Another key factor considered by the court was that her fellow presenter on “Look North” was on the BBC payroll. Ms Ackroyd’s company was appealing against demands for some £419,151 from HMRC relating to income tax and National Insurance contributions (NICs) for the tax years 2006/07 to 2012/13. It will be interesting to see if there is an appeal to a higher court and whether this decision will be used by HMRC against other BBC presenters and other personal service companies.
Please contact us if you wish to discuss whether or not the employment status or IR35 rules impact on your working arrangements.
PENSION FUNDS CAN BE VERY EFFECTIVE IN ESTATE PLANNING
We have featured the tax efficiency of pension fund investment in a number of recent newsletters. As well as the increased flexibility in terms of drawdown arrangements that were introduced in April 2015 there were some important changes to what happens to the undrawn funds on death. These changes mean that your pension fund can be passed to survivors tax efficiently.

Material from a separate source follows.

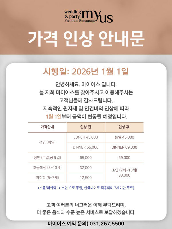 [25년 4월 1일 부터] 가격 인상 안내문 부득이하게 원재료비 및 인건비의 지속적인 상승으로 인해 4월 1일부터 가격 인상을 하게 되었습니다. 고객 여러분의 이해를 부탁드리며, 앞으로도 더 좋은 음식과 수준 높은 서비스로 보답하는 마이어스가 되겠습니다.… 2025.03.14 MORE 마이어스 연회장 새단장 리뉴얼 오픈 더욱 더 쾌적하고 한층 더 고급진 마이어스 리뉴얼 연회장 공개!! 이제 새로운 컨셉, 새로운 무드의 연회장에서 우리아이 돌준비 하세요!… 2024.03.12 MORE 1

Where the pension scheme member dies under age 75 certain lump sum death benefits are now tax-free. In particular a drawdown or flexi-drawdown pension fund lump sum death benefit or an uncrystallised funds lump sum death benefit.
Where the member at the time of their death was age 75 or older the special lump sum death benefit charge on the fund will be 45%. However, if a nominated beneficiary wants to draw down income each year rather than take the lump sum the amounts drawn would be taxed at their marginal income tax rate. It has recently been reported that there are currently £2 billion of pension assets in drawdown where the beneficiary is aged under 55 suggesting that a significant number of individuals have taken advantage of the new rules.
Note that cash and quoted shares, including those held within an ISA, are subject to inheritance tax on death whereas pension fund assets are generally free from inheritance tax. It may therefore be more tax efficient to spend or give away cash and shares rather than draw on the pension fund.
Please contact us if you would like to discuss estate and inheritance tax planning in more detail.
WANT TO JOIN THE MAKING TAX DIGITAL VAT PILOT?
HMRC have announced that they are looking for suitable businesses to sign up for the pilot testing of the new system of digital reporting of VAT information. Turkeys voting for Christmas springs to mind?
After a period of testing the new system is scheduled to go live in April 2019 for VAT registered businesses with turnover in excess of the £85,000 VAT registration threshold.